- Type: Aerial attack
- Location: Dhuusamarreeb, Somalia
- Target: Islamic militants
- Date: May 1, 2008 2:30AM (+3)
- Executed by: United States
- Casualties: Up to 40 killed 15 including 4 children injured

= Dhusamareb airstrike =

American airstrike in Somalia

The Dhusamareb airstrike took place on May 1, 2008, at around 3:00 am local time when an American plane dropped three large bombs on a house in the Dhuusamarreeb region in central Somalia.
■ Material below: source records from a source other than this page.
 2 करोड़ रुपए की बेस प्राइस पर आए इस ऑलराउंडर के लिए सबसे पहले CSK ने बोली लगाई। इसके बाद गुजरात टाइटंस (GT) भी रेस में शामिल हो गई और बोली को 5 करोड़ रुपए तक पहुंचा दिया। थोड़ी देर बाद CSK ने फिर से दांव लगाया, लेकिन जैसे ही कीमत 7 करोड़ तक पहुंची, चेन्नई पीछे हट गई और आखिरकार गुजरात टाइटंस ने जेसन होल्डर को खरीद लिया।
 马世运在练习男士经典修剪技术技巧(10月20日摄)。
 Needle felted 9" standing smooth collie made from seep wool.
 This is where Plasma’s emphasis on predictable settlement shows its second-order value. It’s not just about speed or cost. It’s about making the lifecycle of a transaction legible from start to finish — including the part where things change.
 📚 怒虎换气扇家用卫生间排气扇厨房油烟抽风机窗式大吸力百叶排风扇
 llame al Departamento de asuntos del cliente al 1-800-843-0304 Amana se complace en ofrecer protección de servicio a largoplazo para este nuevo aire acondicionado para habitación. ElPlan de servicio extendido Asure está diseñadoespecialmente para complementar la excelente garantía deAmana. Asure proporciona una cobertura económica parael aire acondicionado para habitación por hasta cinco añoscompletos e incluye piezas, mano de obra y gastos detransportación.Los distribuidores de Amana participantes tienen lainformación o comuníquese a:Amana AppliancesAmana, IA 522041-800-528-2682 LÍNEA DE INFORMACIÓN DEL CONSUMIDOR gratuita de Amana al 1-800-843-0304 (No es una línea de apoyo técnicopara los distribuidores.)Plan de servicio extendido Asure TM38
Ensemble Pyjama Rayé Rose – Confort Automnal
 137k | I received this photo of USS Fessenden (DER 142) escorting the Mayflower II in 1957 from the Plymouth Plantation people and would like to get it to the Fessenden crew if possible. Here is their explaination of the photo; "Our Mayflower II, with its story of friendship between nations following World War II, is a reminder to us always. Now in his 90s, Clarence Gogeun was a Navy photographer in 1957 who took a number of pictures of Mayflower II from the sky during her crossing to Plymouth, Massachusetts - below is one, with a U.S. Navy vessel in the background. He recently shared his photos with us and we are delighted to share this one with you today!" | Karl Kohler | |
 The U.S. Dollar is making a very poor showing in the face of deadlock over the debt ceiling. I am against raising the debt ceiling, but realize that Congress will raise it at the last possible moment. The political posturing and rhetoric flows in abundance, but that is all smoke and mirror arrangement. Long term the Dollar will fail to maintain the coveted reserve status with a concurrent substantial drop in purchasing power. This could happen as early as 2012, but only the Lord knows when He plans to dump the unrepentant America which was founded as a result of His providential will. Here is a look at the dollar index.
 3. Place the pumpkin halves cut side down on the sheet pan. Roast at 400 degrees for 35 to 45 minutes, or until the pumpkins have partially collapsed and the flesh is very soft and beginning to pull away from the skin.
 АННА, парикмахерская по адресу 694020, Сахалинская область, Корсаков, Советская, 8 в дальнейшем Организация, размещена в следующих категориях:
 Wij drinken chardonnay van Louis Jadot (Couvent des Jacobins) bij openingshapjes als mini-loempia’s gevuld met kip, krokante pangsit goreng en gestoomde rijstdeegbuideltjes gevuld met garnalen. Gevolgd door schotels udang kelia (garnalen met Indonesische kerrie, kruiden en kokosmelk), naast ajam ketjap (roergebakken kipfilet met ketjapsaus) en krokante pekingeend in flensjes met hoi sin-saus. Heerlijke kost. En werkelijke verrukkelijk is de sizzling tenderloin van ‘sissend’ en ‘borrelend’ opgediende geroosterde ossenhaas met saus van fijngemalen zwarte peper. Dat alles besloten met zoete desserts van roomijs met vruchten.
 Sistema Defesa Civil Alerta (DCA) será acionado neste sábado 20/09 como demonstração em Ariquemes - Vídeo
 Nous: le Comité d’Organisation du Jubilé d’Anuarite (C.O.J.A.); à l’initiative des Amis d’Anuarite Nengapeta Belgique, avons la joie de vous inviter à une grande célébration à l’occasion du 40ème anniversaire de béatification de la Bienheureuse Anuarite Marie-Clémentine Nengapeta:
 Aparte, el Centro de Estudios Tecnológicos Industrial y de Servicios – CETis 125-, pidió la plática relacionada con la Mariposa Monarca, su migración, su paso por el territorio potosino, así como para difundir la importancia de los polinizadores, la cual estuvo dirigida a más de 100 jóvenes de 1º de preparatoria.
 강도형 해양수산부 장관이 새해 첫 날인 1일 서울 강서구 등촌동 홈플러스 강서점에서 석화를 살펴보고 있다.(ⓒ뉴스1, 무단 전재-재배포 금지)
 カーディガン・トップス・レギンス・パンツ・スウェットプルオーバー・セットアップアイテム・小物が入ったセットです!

The attack was targeted against the Muslim militant group al-Shabaab.

The attack killed up to 30 people including civilians and two Islamist leaders, identified by al-Shabaab as Adan Ayrow and Sheikh Mohamed Muhyadin Omar. Four others were injured.

== Reactions ==
Bob Prucha, a US military spokesman, confirmed there was a US attack on a "known al-Qaeda target" and militia leader.

Mukhtar Robow "Abu Mansur", a leader of al-Shabaab, said: "It is true that infidel planes bombed Dhusamareb. This was an unprovoked attack, Aden Hashi Eyrow and Sheikh Mohamed Muhyadin Omar are the most important Shabaab members who were victims of this foreign aggression... The death of Eyrow and Omar will not stop the struggle for the supremacy of Allah and the liberation of the holy land of Somalia. We will continue the struggle until the Somali people are free."

Paul Salopek reported in the Chicago Tribune that jihadists had vowed to kill every foreigner in Somalia in response.